- [Provided data]:
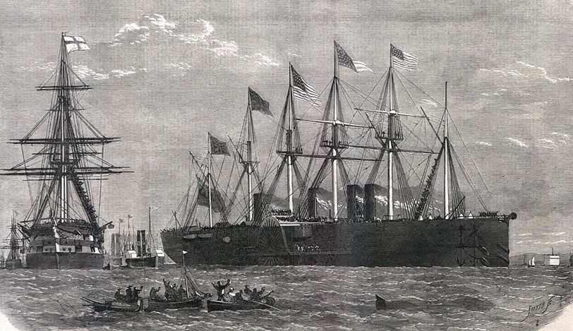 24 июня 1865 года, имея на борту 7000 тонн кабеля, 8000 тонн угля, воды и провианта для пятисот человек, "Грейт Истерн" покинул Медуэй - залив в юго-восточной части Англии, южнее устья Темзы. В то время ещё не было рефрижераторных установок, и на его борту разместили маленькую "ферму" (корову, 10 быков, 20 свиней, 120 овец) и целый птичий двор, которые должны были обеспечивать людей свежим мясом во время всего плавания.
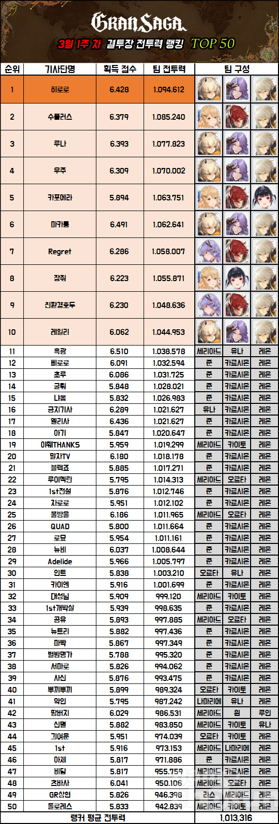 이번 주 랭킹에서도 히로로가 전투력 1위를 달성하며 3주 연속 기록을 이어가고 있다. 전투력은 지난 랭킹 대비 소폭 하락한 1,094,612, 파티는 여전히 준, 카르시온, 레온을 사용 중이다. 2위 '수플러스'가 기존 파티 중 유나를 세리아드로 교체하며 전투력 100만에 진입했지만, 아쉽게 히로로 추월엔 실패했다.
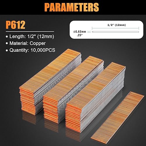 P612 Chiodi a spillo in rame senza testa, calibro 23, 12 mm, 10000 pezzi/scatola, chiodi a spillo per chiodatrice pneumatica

* * *

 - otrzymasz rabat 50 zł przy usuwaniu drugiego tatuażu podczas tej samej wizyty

- [The task]: In the listing above, find the line with "24 июня 1865" and the line with "P612 Chiodi a". Copy exactly those two and every line between, without the pictures.

- [Solved exercise]:
 24 июня 1865 года, имея на борту 7000 тонн кабеля, 8000 тонн угля, воды и провианта для пятисот человек, "Грейт Истерн" покинул Медуэй - залив в юго-восточной части Англии, южнее устья Темзы. В то время ещё не было рефрижераторных установок, и на его борту разместили маленькую "ферму" (корову, 10 быков, 20 свиней, 120 овец) и целый птичий двор, которые должны были обеспечивать людей свежим мясом во время всего плавания.
 이번 주 랭킹에서도 히로로가 전투력 1위를 달성하며 3주 연속 기록을 이어가고 있다. 전투력은 지난 랭킹 대비 소폭 하락한 1,094,612, 파티는 여전히 준, 카르시온, 레온을 사용 중이다. 2위 '수플러스'가 기존 파티 중 유나를 세리아드로 교체하며 전투력 100만에 진입했지만, 아쉽게 히로로 추월엔 실패했다.
 P612 Chiodi a spillo in rame senza testa, calibro 23, 12 mm, 10000 pezzi/scatola, chiodi a spillo per chiodatrice pneumatica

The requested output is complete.